Analysis: When is a plan for the NHS not a plan for the NHS?
As Rishi Sunak faces yet another scandal after sacking Nadhim Zahawi, his ’emergency’ plan to speed up NHS wait times in A&E falls flat of what is needed, writes Sascha O’Sullivan
When Rishi Sunak became Prime Minister last year, he brought to an end the tradition of cabinet ministers facing journalists every morning.
This morning’s performance by Helen Whately, the social care minister, was a reminder of what we’ve been missing.
Whately was supposed to address both the sacking of Conservative party chair Nadhim Zahawi and the government’s “new” blueprint for to speed up ambulance response times and prevent unnecessary admissions to hospital.
But the plan is essentially an admission the NHS won’t be “fixed” anytime soon.
By March next year, 76 per cent of patients will wait no longer than four hours at A&E, and ambulances will have to arrive on the scene for suspect strokes and heart attacks within an average of 30 minutes.
This is still 12 minutes longer than the target of 18 minutes, which as any doctor will tell you, could make all the difference for someone with a heart attack.

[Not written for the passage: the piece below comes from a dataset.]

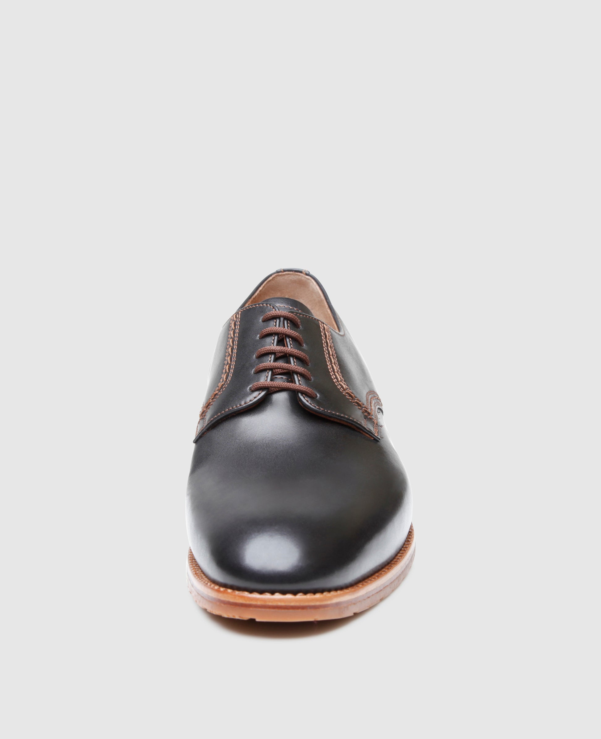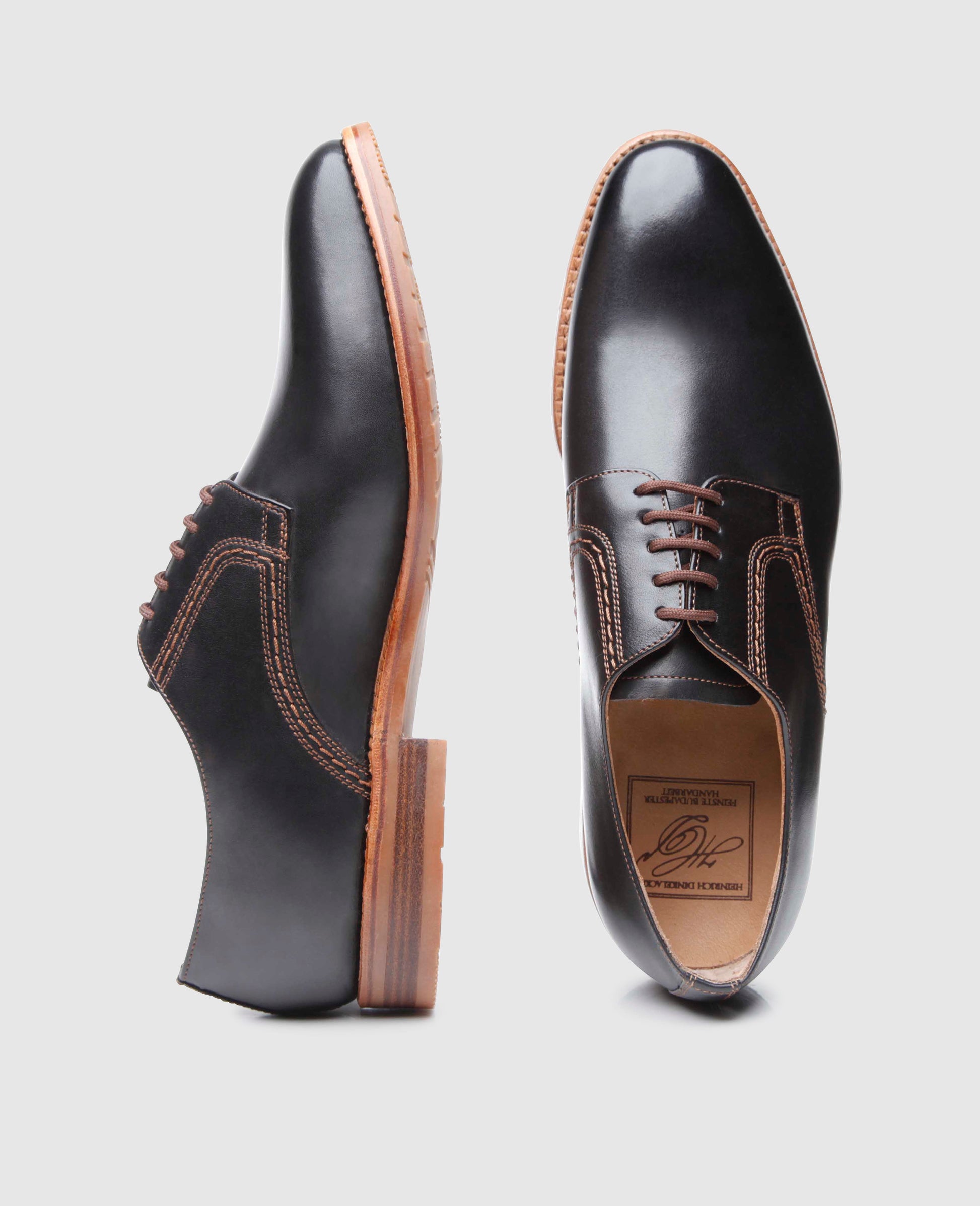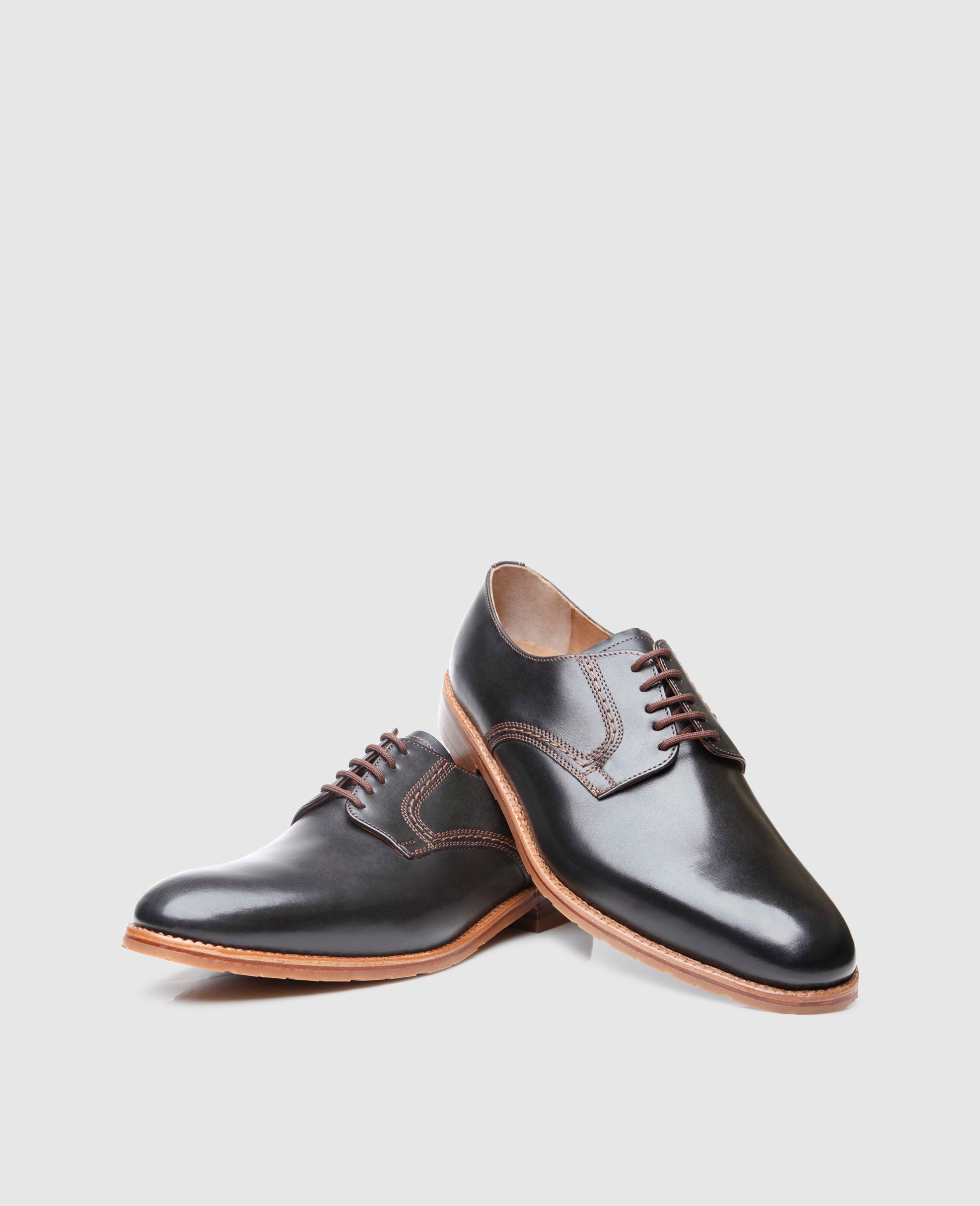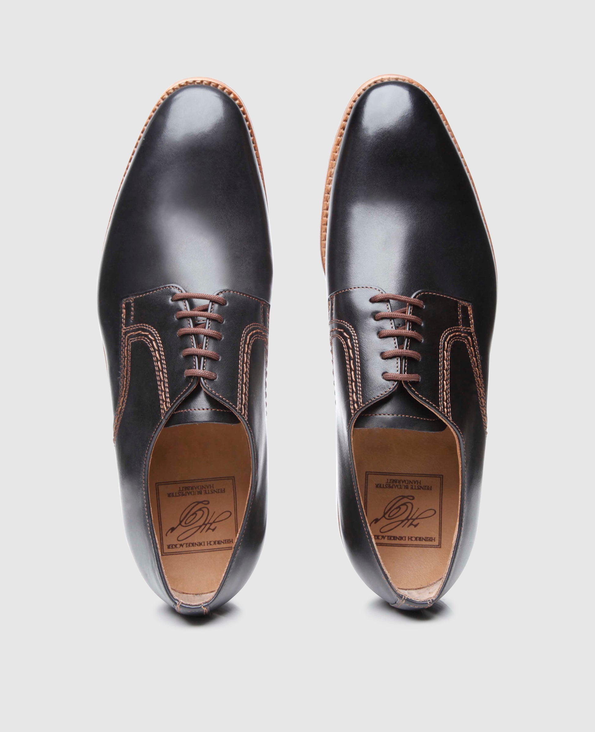 Tasteful understatement: presenting the handcrafted, sewn-welted plain Derby in black. This model features open five-eyelet lacing, and loving detailed quarters assembled by hand. Supple calfskin with a satiny matt gleam also lends to the elegant appeal of this legendary, classic shoe.

There will also be no extra cash under the “recovery” plan.
In a sign that will worry hospital bosses, Whately told BBC Radio 4 there needed to be “different thinking” about how to tackle the crisis in the NHS more broadly.
Many who subscribe to the Conservatives-secret-plot-to-privatise-the-NHS will be worried by this wording.
Other than what had already been set out by the government, Whately offered little insight into either the NHS or the Zahawi affair.
As she will (we hope) know, much of the problem is getting people out of hospitals and back home when there are not enough provisions for the social care sector.
In other words, it’s not clear how to solve the bigger picture of a health system past breaking point, without addressing social care.
Given much of the health and social care levy, introduced by Rishi Sunak way back in 2021, initially was directed towards frontline NHS services hurt badly by the pandemic, the sector is still strapped for cash and its workforce depleted.